Trump é tão obviamente narcisista, de características tão manifestamente baixas, tão espampanantemente egoísta e obcecado consigo próprio, que qualquer tentativa de análise científico-psiquiátrica parece quase ridícula perante o óbvio da sua perturbação.
Um abraço,
JV

CCF disse...

Analisá-lo desse modo até parece humanizá-lo. De facto para os narcisistas ainda consigo pensar na hipótese de ajuda psiquiátrica, para os déspotas não. Mas isto é apenas porque com a doença mental ainda consigo ter empatia...coisa que não consigo minimamente sentir por Trump.
~CC~

Um Jeito Manso disse...

Olá JV

Começo por me desculpar por ter andado sem responder a comentários. Tenho andado com menos tempo do que é costume. Agora com família em casa, não dá para me agarrar ao computador senão quando todos se deitam.

E tem razão, o Trump é daqueles casos exacerbados que furam todas as escalas. É um narcisista em tal grau que não se vê como lidar com tal animal sem o enfiar numa camisa de sete varas, injectá-lo com tranquilizantes, degredá-lo para onde ele não tenha quem o ouça.

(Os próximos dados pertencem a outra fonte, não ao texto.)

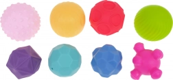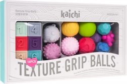Svaka loptica i kocka ima jedinstvenu površinu i uzorak. Djeca vježbaju dodir, hvat i koordinaciju dok otkrivaju boje i oblike.

Mas, sabe, ainda há cerca de 30& de votantes que supostamente ainda o apoia. Burros? Distraídos? É que, em termos percentuais, a malta do armamento, por exemplo, não deve chegar a númers tão altos.

Coisas misteriosas, é o que lhe digo.

Abraço, JV, e uma bela quinta-feira.

Um Jeito Manso disse...

Olá ~CC~

Os narcisistas, em geral, não se aguentam. Nenhum. São parvos, falam sem parar não apenas do que sabem mas, também, do que não sabem, dizendo as maiores parvoíces como se estivessem a a falar com conheciento de causa, não falam de outra coisa senão deles próprios. Dá vontade de os mandar calar, de os mandar dar meia volta e desandarem. Agora imagine-se isto a um nível exponencial e com um enorme poder nas mãos. Déspota, pois. Déspota e ridículo. O que ele faz e diz, a forma inconstante e irresponsável como desestabiliza o mundo, são de deixar qualquer um muito preocupado.

Gostei imenso do seu look lá na sua rua. Está de parabéns, menina.

Abraço!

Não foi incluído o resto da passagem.